Here is a window that looks out under this grate in the sidewalk. How odd!
We chose a little comfort food from home today and had lunch at Boudreaux's. The name should give it away - Louisiana Cajun food!
As I made my way up the steps, I noticed this little bitty window that again looked out under the grate on the steps. WHY???
Ahh, crawfish, street lamps, and a Mardi Gras mask on the cover of the menu and a big tiger and LSU art work all around the restaurant. It felt like home!
And the menu looked great too! These are just the appetizers!!
I had some boudin balls. They were good but could have had a bit more spice. I imagine Missouri might not be used to real New Orleans spicy food so they have to tone it down a notch.
I ordered jambalaya with a side of jalepeno pasta. They were both delicious!
On the way to back to the hotel, I noticed this building. I love the round corner. There is some neat architecture here. I wish I had time to research the style and learn more about it.
As we drove around we checked out East Hills Mall and decided it really wasn't any better than the view from our hotel parking lot so we decided that we would just stay put tomorrow. We also found a few places that welcomed visitors to come watch the eclipse.
Most private businesses had signed like this one below stating that parking was for their guests only and others would be towed. Our hotel gave us a card to put on our dash stating that we were guests and allowed to park in their lot.

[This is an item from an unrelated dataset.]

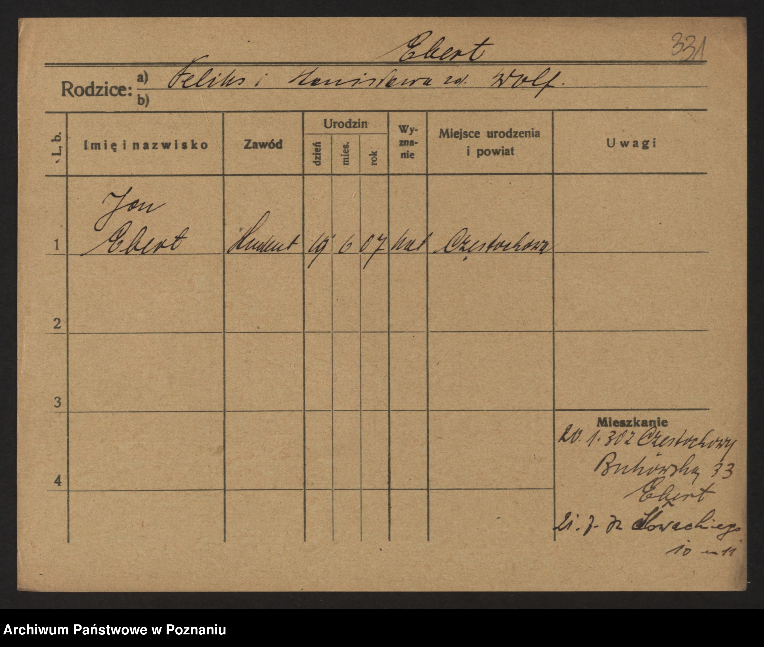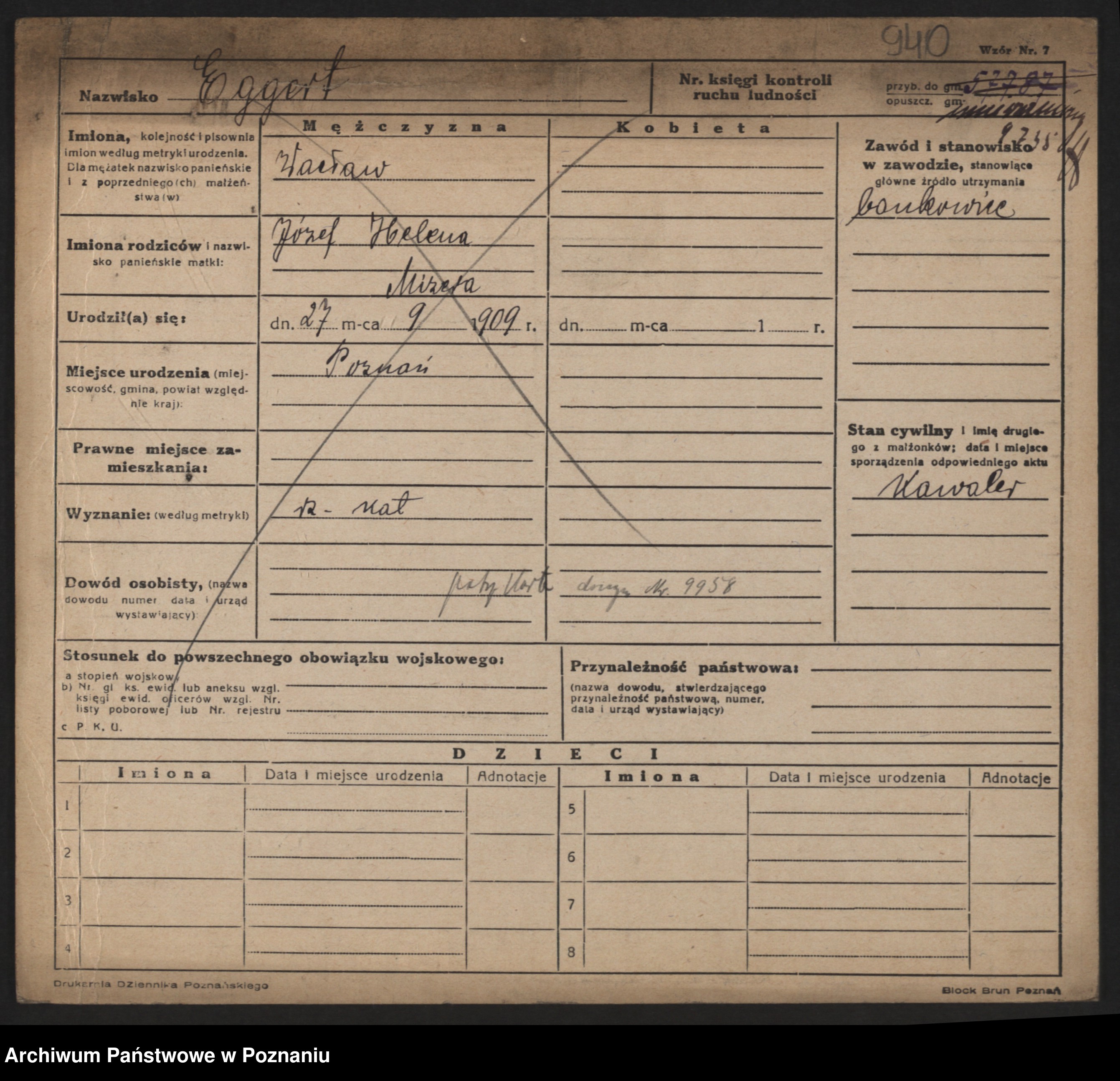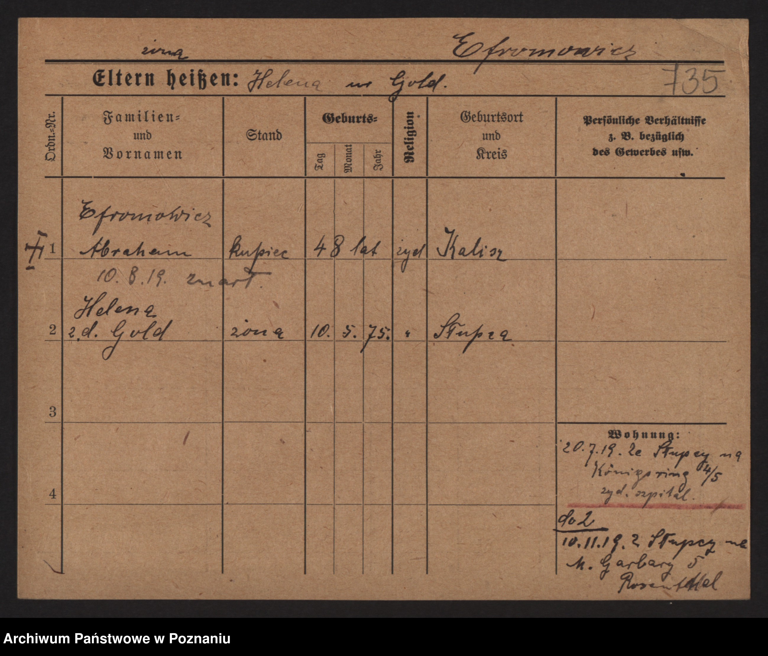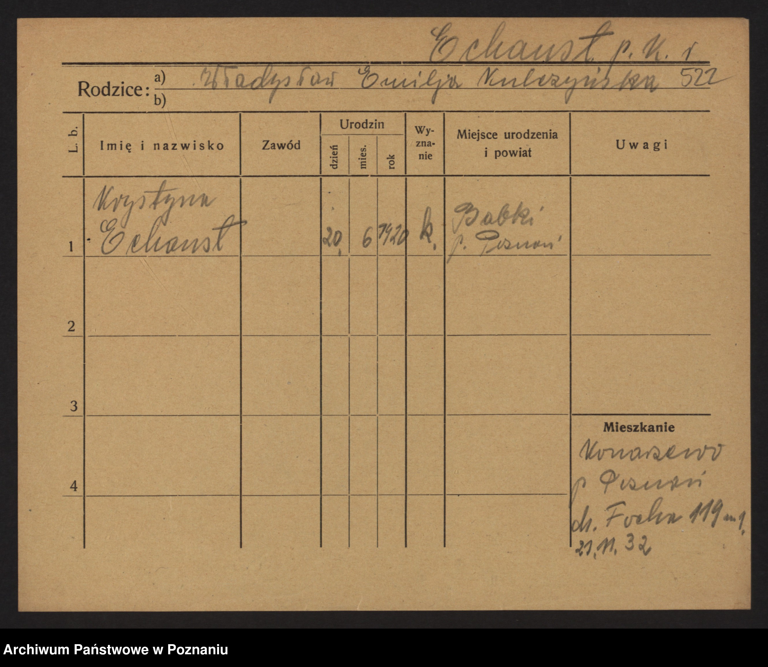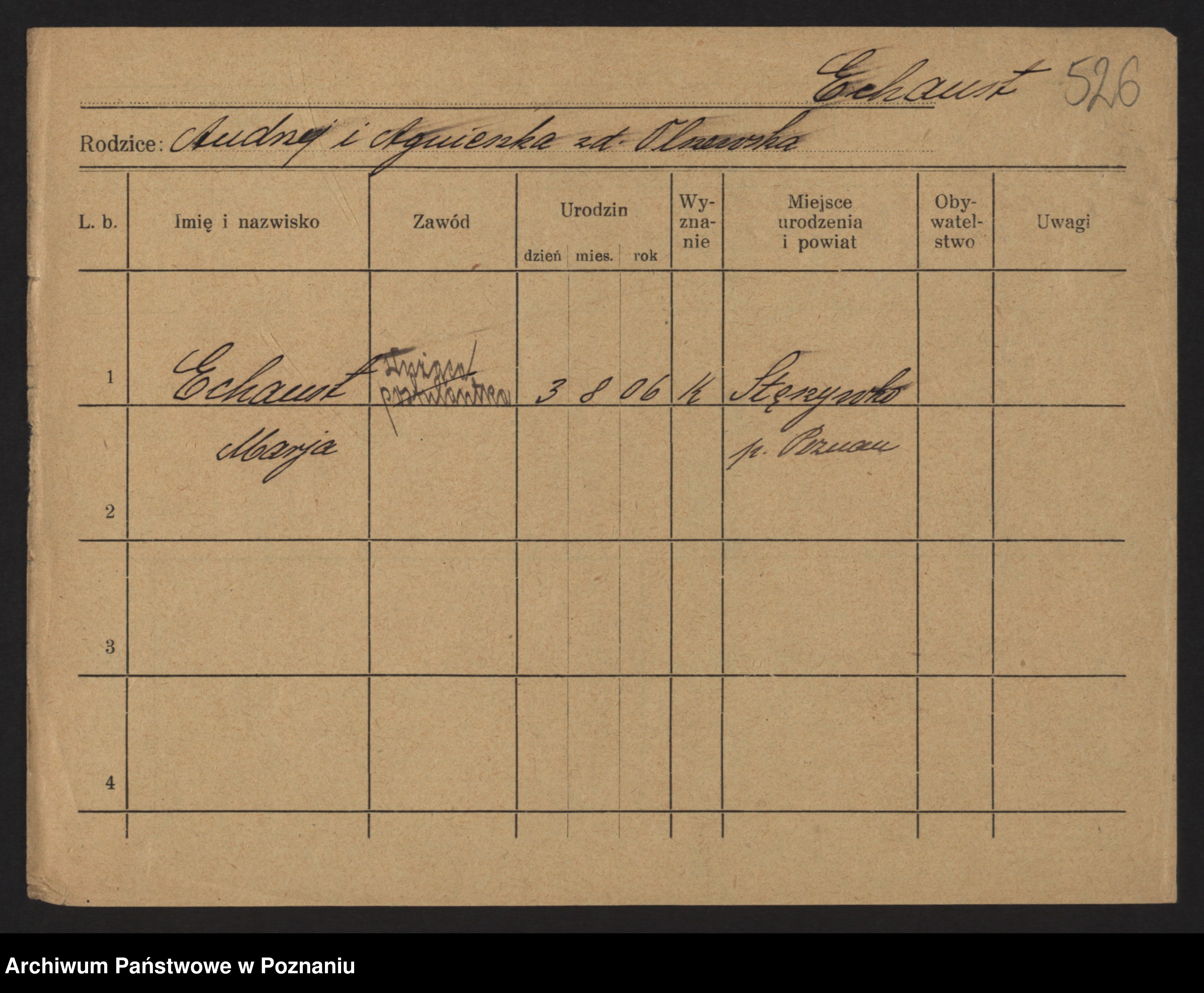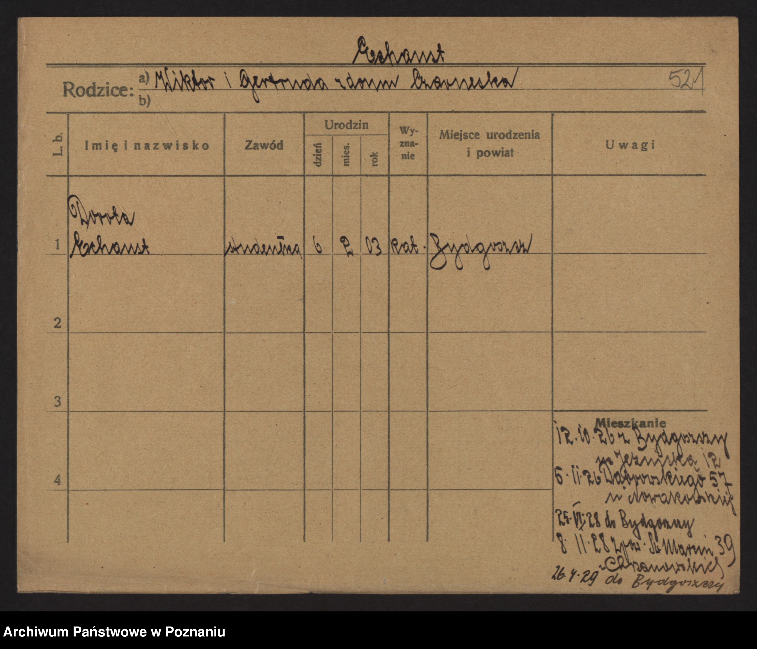Podgląd karty osobowej dostępny jest po kliknięciu na nazwisko lub ikonkę karty. Można dokonywać powiększenia (ikony na górze) lub przechodzić między kolejnymi skanami (strzałki po bokach).

All other cars would be towed. This had been one of my concerns when we were going to be driving to St. Joseph from Kansas City. What place would let us just park and hang out for a few hours along with all of the other people that would be traveling there for the eclipse too?
We made it back to the hotel in time for the 5:30 Kick Back! It's a free dinner buffet at the hotel. Like breakfast, it was very crowded and everyone was talking about the eclipse. Check out this eclipse dress! It reminds me of a dress that Mrs. Frizzle in the Magic School Bus book series would wear! I love it.
One of the extra nice benefits of the 5:30 Kick Back is that it includes 3 free drinks from the bar. Yep, that's a Tequila Sunrise. I had to pick a sky-themed drink in honor of the eclipse!